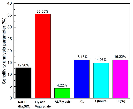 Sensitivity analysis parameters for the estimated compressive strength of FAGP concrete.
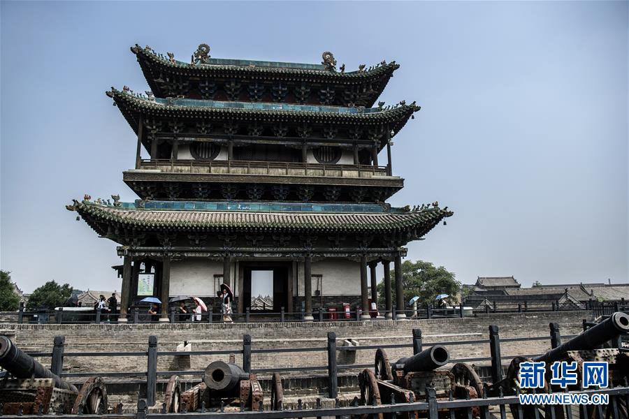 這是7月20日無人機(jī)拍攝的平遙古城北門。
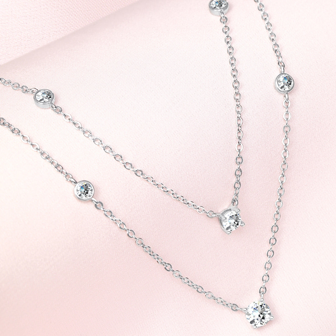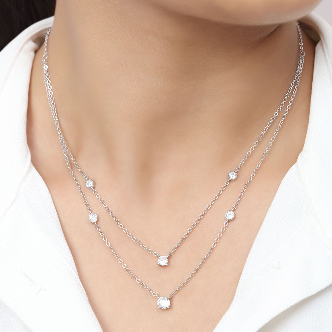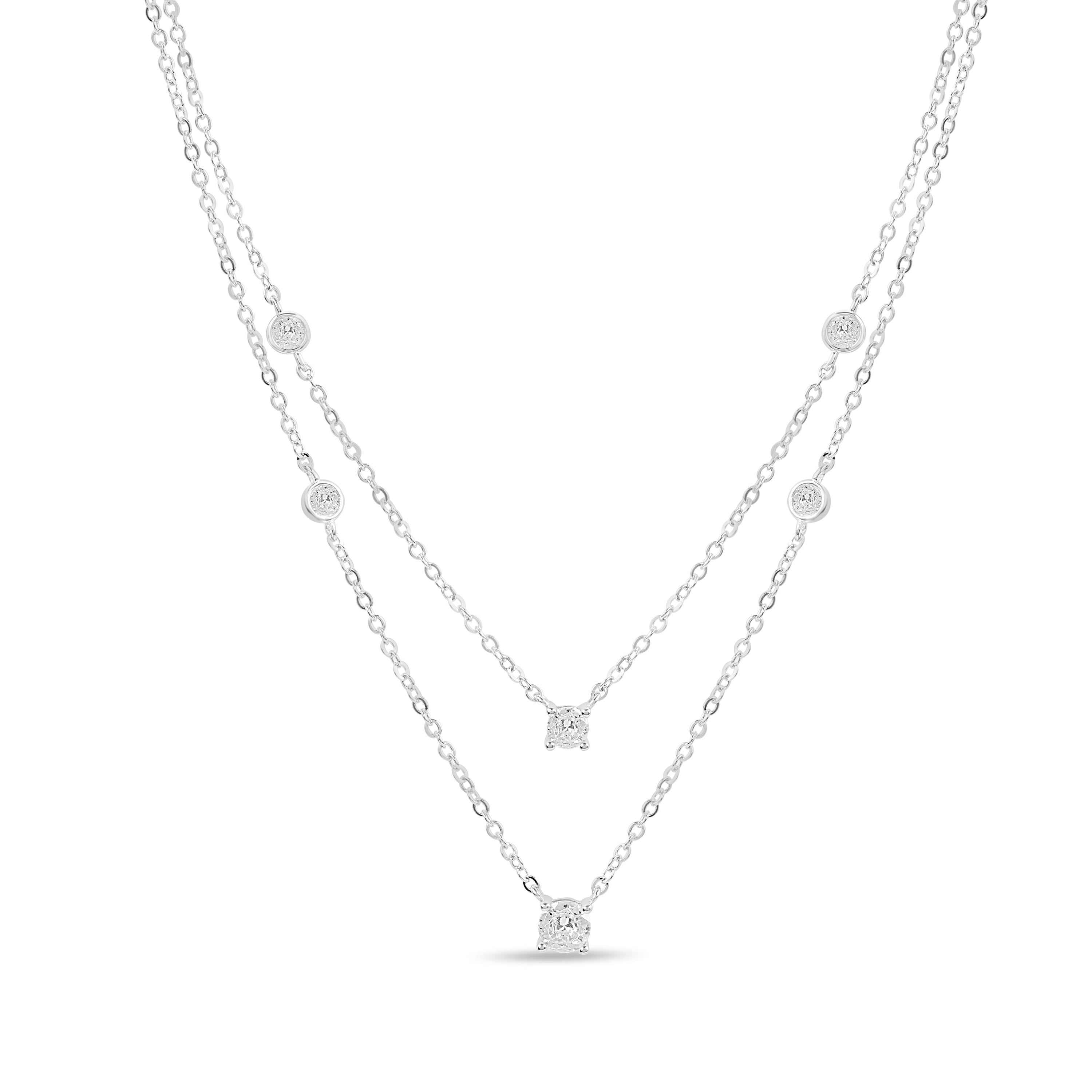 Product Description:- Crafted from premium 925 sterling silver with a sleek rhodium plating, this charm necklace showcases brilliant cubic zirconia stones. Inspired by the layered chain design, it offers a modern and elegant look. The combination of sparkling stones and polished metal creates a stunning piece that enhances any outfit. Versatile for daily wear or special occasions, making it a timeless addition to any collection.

■ Task to complete ■
Would you please write out exactly the lines between the line containing "這是7月20日無人機(jī)拍攝的平遙古城北門。" and the last line of the listing above, inclusive, without pictures?

■ Task response ■
 這是7月20日無人機(jī)拍攝的平遙古城北門。
 Product Description:- Crafted from premium 925 sterling silver with a sleek rhodium plating, this charm necklace showcases brilliant cubic zirconia stones. Inspired by the layered chain design, it offers a modern and elegant look. The combination of sparkling stones and polished metal creates a stunning piece that enhances any outfit. Versatile for daily wear or special occasions, making it a timeless addition to any collection.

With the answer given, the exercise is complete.